— Task —
Span requested from the data below: the line with "12月18號(hào)深圳市" through the line with "被真菌感染导致糜烂的趾腹和趾侧", both included. Give only these lines again, exactly, and leave every picture out.

— Input records —
# # # # #

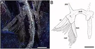 Der spangenförmige Beckengürtel („pub“) weist anterior zwei lange, stachelförmige Fortsätze („prp“) auf. Die langen Basipterygia („bas“) gelenken posterior und außen liegend am Beckengürtel. Die Bauchflossen werden von etwa 20–21 Radialia („rad“) gestützt und sind deutlich zweilappig. Der vordere Bereich wird durch einen Stab aus miteinander verschmolzenen Radialia („cr“) und die vordersten 3–4 Radialia welche direkt am Beckengürtel ansetzen, gestützt. Die stabförmig miteinander verschmolzenen Radialia sind dabei der Reihe mit den distalen Segmenten der einzelnen Radialia verbunden. Der hintere Bereich wird von einzelnen, vom Basipterygium ausgehenden, Radialia gestützt. Eine Lücke zwischen den beiden Lappen der Bauchflossen scheint jedoch nicht vorhanden zu sein.[1]
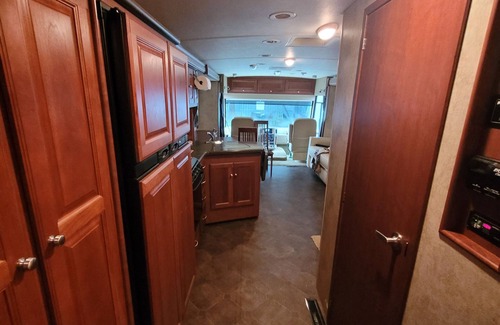 The fully equipped kitchen, with a refrigerator, stove, oven, microwave, and Keurig coffee maker, is perfect for preparing meals, whether it’s breakfast or dinner. The cabinets and pantry are stocked with dishes, silverware, cookware, pots, pans, and glasses. The living/dining area features a four-seat dining table, a cozy couch with a matching recliner, and two captains chairs that rotate for extra seating. Overhead cabinets contain DVDs, games, and books for your enjoyment.
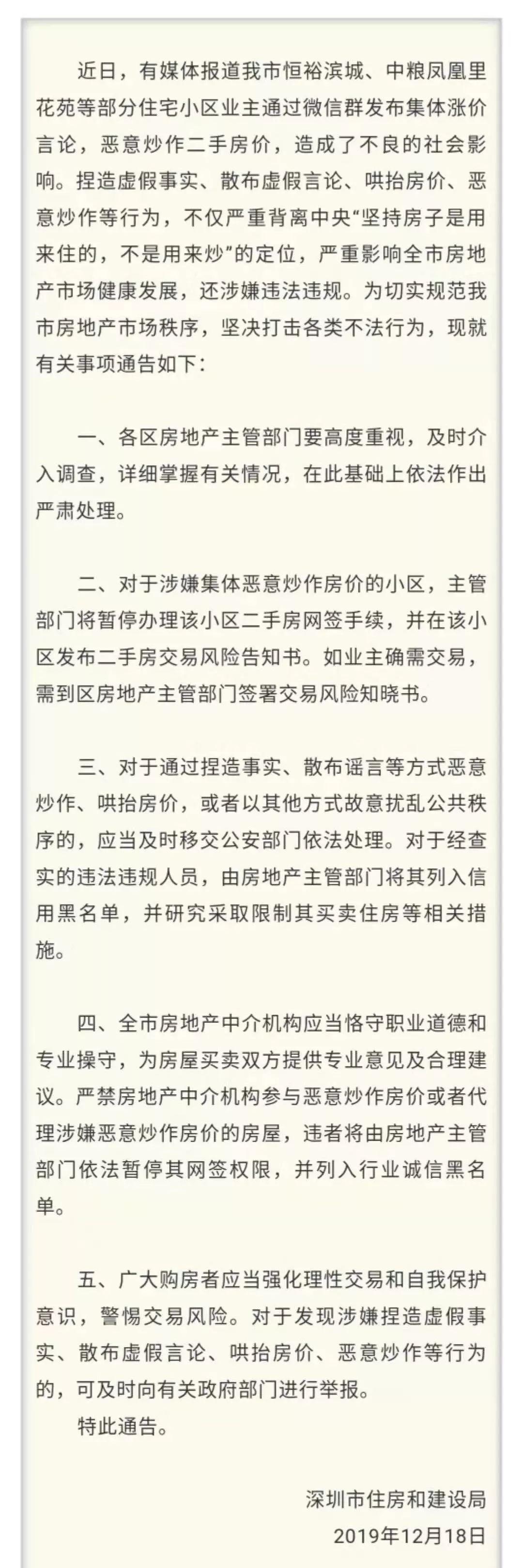 12月18號(hào)深圳市住建局發(fā)布通稿稱嚴(yán)厲打擊哄抬房?jī)r(jià)等違規(guī)行為
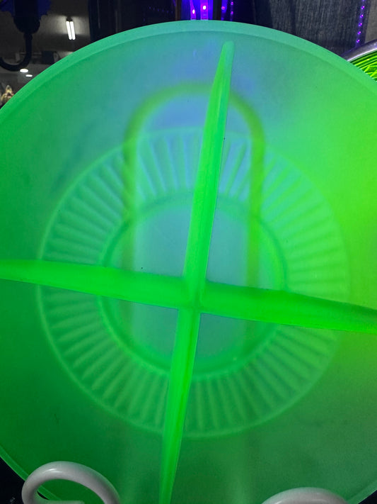 Bagley UK Green Divided Art Deco Plate, Uranium Glass
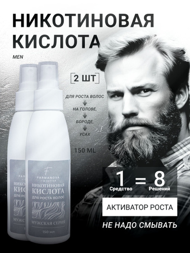Сыворотка для роста волос на голове, бороде и усах. Никотиновая кислота МУЖСКАЯ. 150 мл х 2 шт.
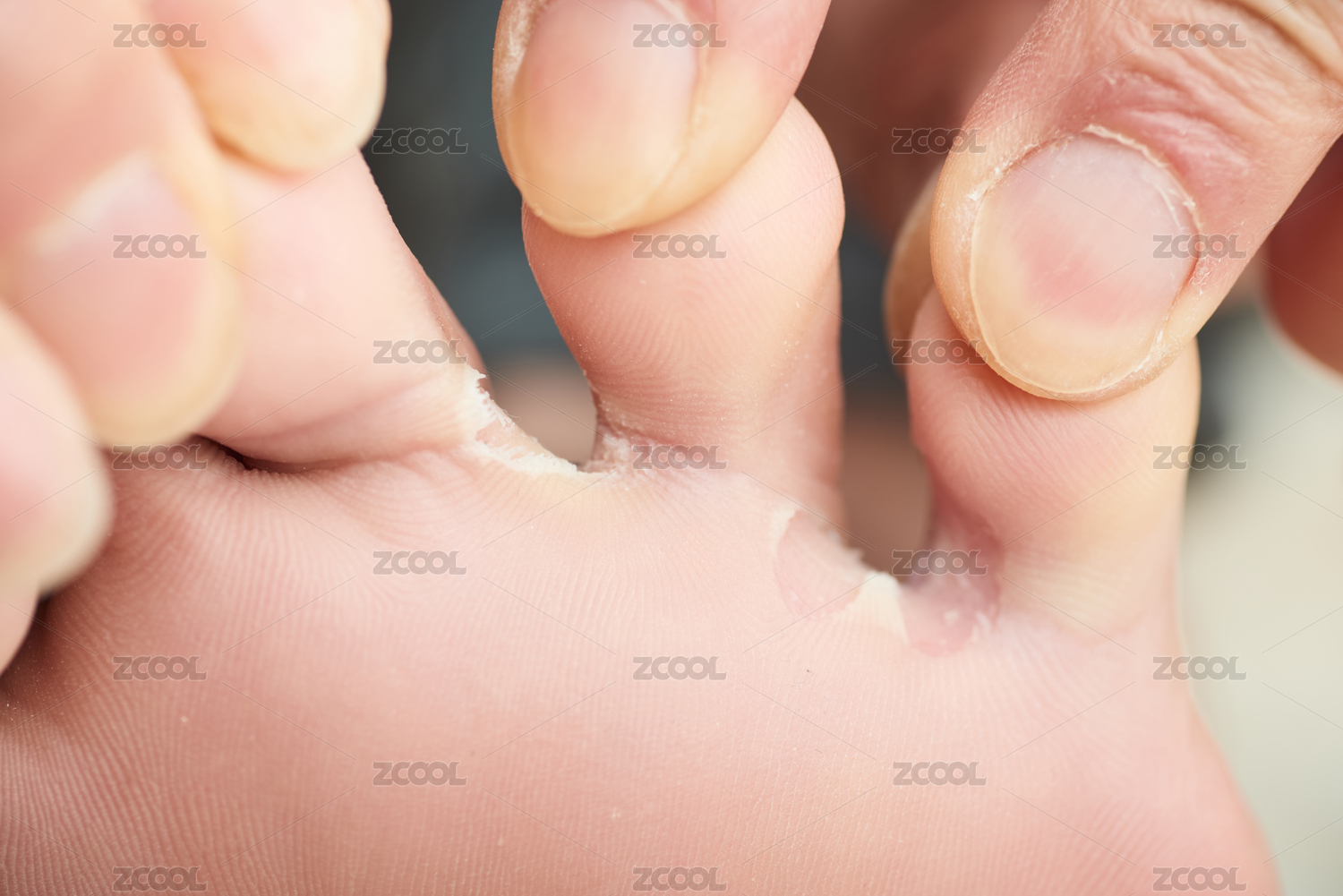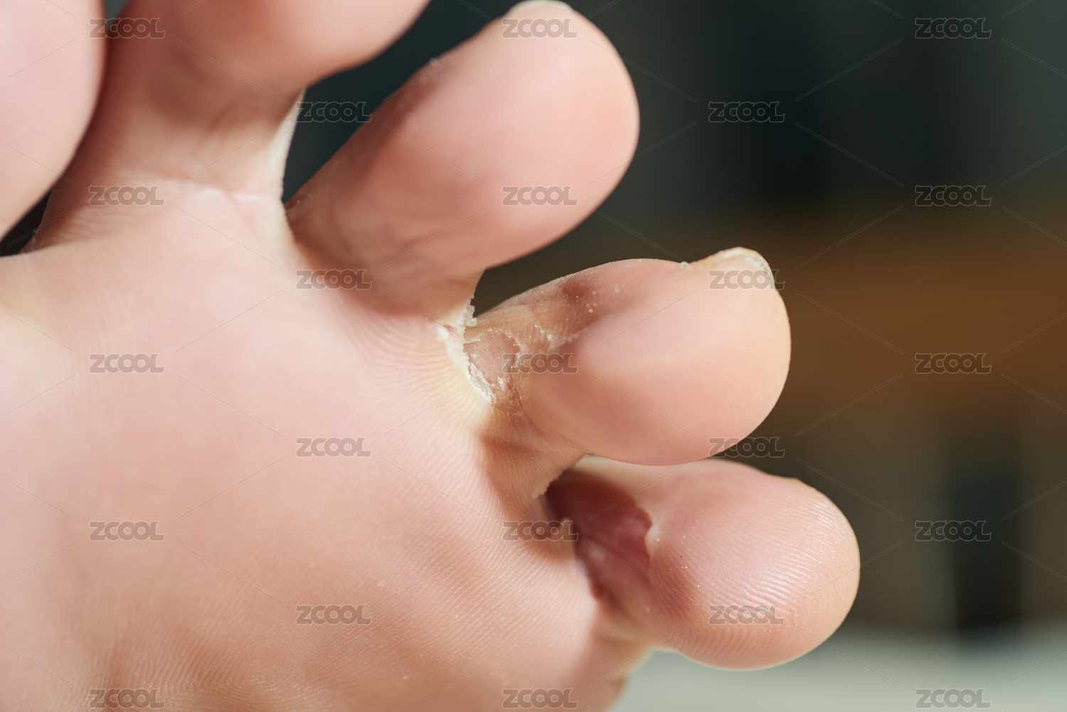 被真菌感染导致糜烂的趾腹和趾侧
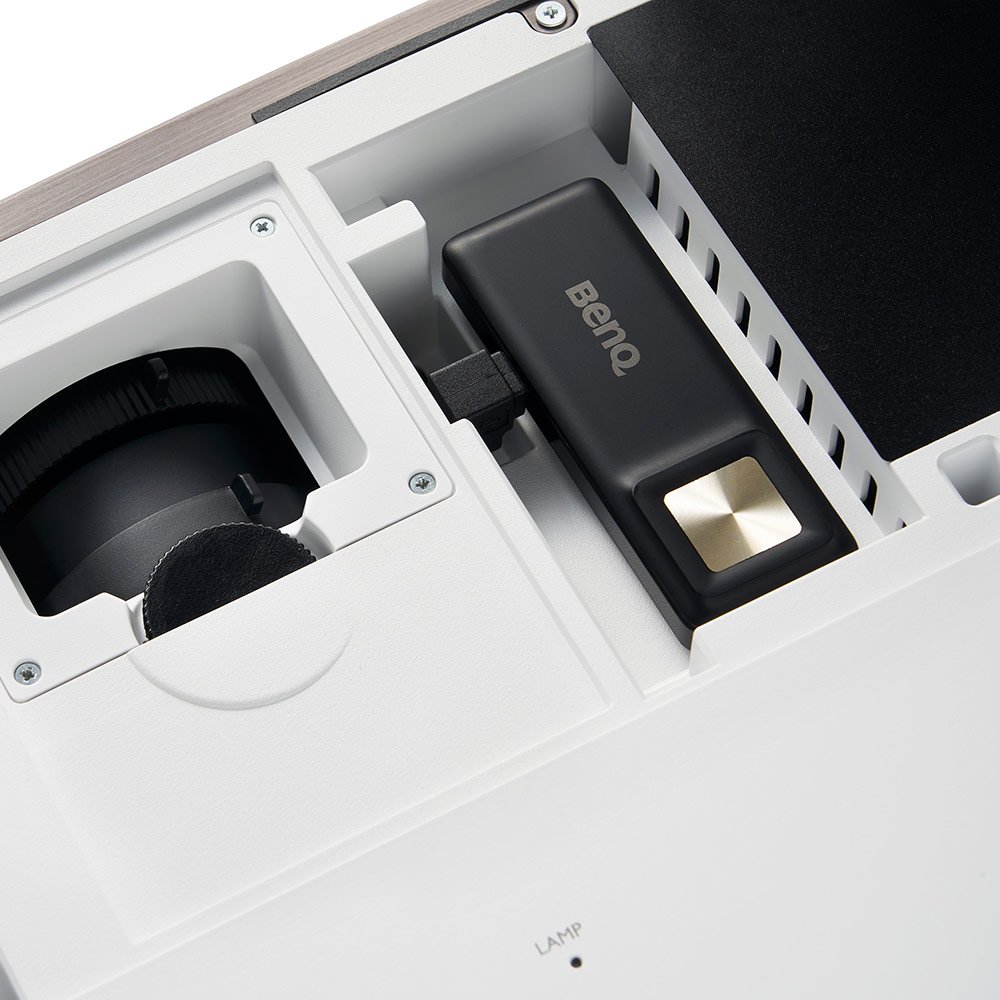 - Cân chỉnh Keystone dọc: Giúp bạn dễ dàng điều chỉnh hình ảnh vuông vắn dù đặt máy chiếu ở bất kỳ vị trí nào. Review Máy chiếu BenQ W2700i chi tiết Máy chiếu BenQ W2700i là lựa chọn tuyệt vời cho trải nghiệm rạp hát tại nhà với chất lượng 4K HDR và tích hợp Android TV, cho phép bạn điều khiển trực tiếp trên máy chiếu mà không cần thiết bị phụ trợ. Được đánh giá cao từ thương hiệu uy tín BenQ, đây là một sản phẩm tiếp nối thành công của dòng W2700. Với W2700i, BenQ tiếp tục mang đến người dùng trải nghiệm xem phim tại nhà hoàn hảo, đáng giá để đầu tư. Thiết kế Máy chiếu BenQ W2700i không chỉ nổi bật với thiết kế hiện đại mà còn sở hữu các đường nét bo tròn tinh tế, với lớp vỏ được hoàn thiện từ nhựa cao cấp, tạo nên vẻ bóng bẩy đẹp mắt với hai tone màu vàng đồng và trắng, phù hợp với nhiều không gian nội thất khác nhau. Với kích thước gọn nhẹ và các thông số chỉ là 380 x 127 x 263mm cùng trọng lượng chỉ 4.2kg, máy chiếu dễ dàng đặt trên sàn nhà, bàn làm việc, kệ sách hoặc treo lên tường một cách tiện lợi, tạo điều kiện thuận lợi cho việc thưởng thức phim ảnh tốt hơn. Đặc biệt, việc tích hợp các khe tản nhiệt ở hai mặt bên giúp máy chiếu hoạt động ổn định và duy trì khả năng trình chiếu lâu dài mà không lo ngại về quá nhiệt. Màu sắc chân thực Với không gian màu rộng lớn lên đến 95% DCI-P3 và 100% Rec.709, BenQ W2700i tự hào là một thiết bị với công nghệ CinematicColor, đảm bảo màu sắc chính xác như mong đợi, bảo toàn tầm nhìn ban đầu của mỗi khung hình theo ý muốn của đạo diễn. Công nghệ CinematicColor đi kèm với việc hiệu chỉnh tinh chỉnh đảm bảo độ chính xác của màu sắc với 100% Rec.709 và chỉ số Delta E<3, cùng bảng màu DCI-P3 được tối ưu hóa, mang đến cho người dùng trải nghiệm trung thực và sống động như trong các bộ phim chuyên nghiệp Độ phân giải 4K UHD, công nghệ HDR-PRO . Máy chiếu BenQ W2700i với độ phân giải 4K UHD 3840x2160 và 8,3 triệu điểm ảnh riêng biệt cho mỗi khung hình, sử dụng công nghệ DLP đơn DMD 0,47” thế hệ mới, mang lại độ rõ nét đáng kinh ngạc đến từng chi tiết nhỏ. Với độ phân giải 4K UHD (Ultra-HD) 3840x2160, máy chiếu này mang lại một trải nghiệm tuyệt vời gấp bốn lần số điểm ảnh so với 1080p FHD (full HD), giảm thiểu hiện tượng mờ mịn và hiển thị video sắc nét, rõ ràng hơn bao giờ hết. Ánh xạ nâng cao Nhờ vào công nghệ Dynamic Iris và Dynamic Black, ánh xạ nâng cao trên Máy chiếu BenQ W2700i đã được tối ưu hóa đặc biệt cho việc tạo ra một không gian rạp chiếu phim tại gia tuyệt vời. Công nghệ này giúp tăng cường độ tương phản, đảm bảo rằng mọi chi tiết trong cảnh tối đều được bảo toàn và tái tạo một cách chân thực nhất. Tối ưu hóa độ tương phản Tối ưu hóa độ sáng HDR giúp duy trì độ tương phản cao lý tưởng, phù hợp với các kích thước hình ảnh và các cấp độ tăng màn hình khác nhau thường được sử dụng trong không gian rạp hát tại nhà. Âm thanh sống động Các loa ngăn 5Wx2 được nâng cấp với dải tần số rộng hơn cho âm trầm sâu và âm cao vút, công nghệ tăng cường âm thanh của BenQ cũng cung cấp các thuật toán EQ độc quyền cho chất lượng âm thanh trong trẻo và tự nhiên. Tăng cường chuyển động Chèn 36 khung hình được nội suy giữa các chuỗi để tạo ra các video 60 khung hình mỗi giây liền mạch, sống động, Motion Enhancer loại bỏ hình ảnh giật lag, phát lại giật hình và bóng mờ. Điều chỉnh thu phóng tích hợp Hệ thống thu phóng điều chỉnh các thay đổi của gương trong tiêu cự trong khi vẫn duy trì tỷ lệ thu phóng nhất quán một cách tự động. Hình ảnh giữ được tiêu điểm trực quan hoàn hảo từ góc này sang góc khác, bất kể kích thước màn hình khác nhau, cho độ rõ nét với độ chính xác cao trên toàn bộ hình ảnh. Dịch chuyển ống kính dọc Máy chiếu cung cấp dịch chuyển ống kính dọc +10% để cung cấp hình ảnh có cạnh thẳng hoàn hảo mà không làm giảm độ phân giải, cho phép các tùy chọn cài đặt và vị trí linh hoạt hơn. Vòm hình dọc tự động Auto vertical keystone được trang bị cho máy chiếu BenQ W2700i để tự động điều chỉnh cho hình ảnh bình phương, bạn có thể dễ dàng chiếu hình ảnh được căn chỉnh từ nhiều góc độ khác nhau. Khoảng cách chiếu Thu phóng 1,3 lần tối đa hóa không gian có sẵn với nhiều khoảng cách chiếu để người dùng giải trí trên màn hình lớn mà không cần cài đặt phức tạp. Kết nối đa dạng Cổng USB Type-A 3.0 để truyền dữ liệu với tốc độ lên tới 5 Gbit/s, nhanh hơn khoảng 10 lần so với chuẩn USB 2.0. USB Media Reader cho khả năng chia sẻ mà không cần cáp từ đĩa di động với đường truyền tốc độ cao. Hỗ trợ nhiều loại tệp bao gồm video, âm thanh, hình ảnh. Thông số kỹ thuật của máy chiếu BenQ W2700i

# # # # #

— Finished exercise —
 12月18號(hào)深圳市住建局發(fā)布通稿稱嚴(yán)厲打擊哄抬房?jī)r(jià)等違規(guī)行為
 Bagley UK Green Divided Art Deco Plate, Uranium Glass
Сыворотка для роста волос на голове, бороде и усах. Никотиновая кислота МУЖСКАЯ. 150 мл х 2 шт.
 被真菌感染导致糜烂的趾腹和趾侧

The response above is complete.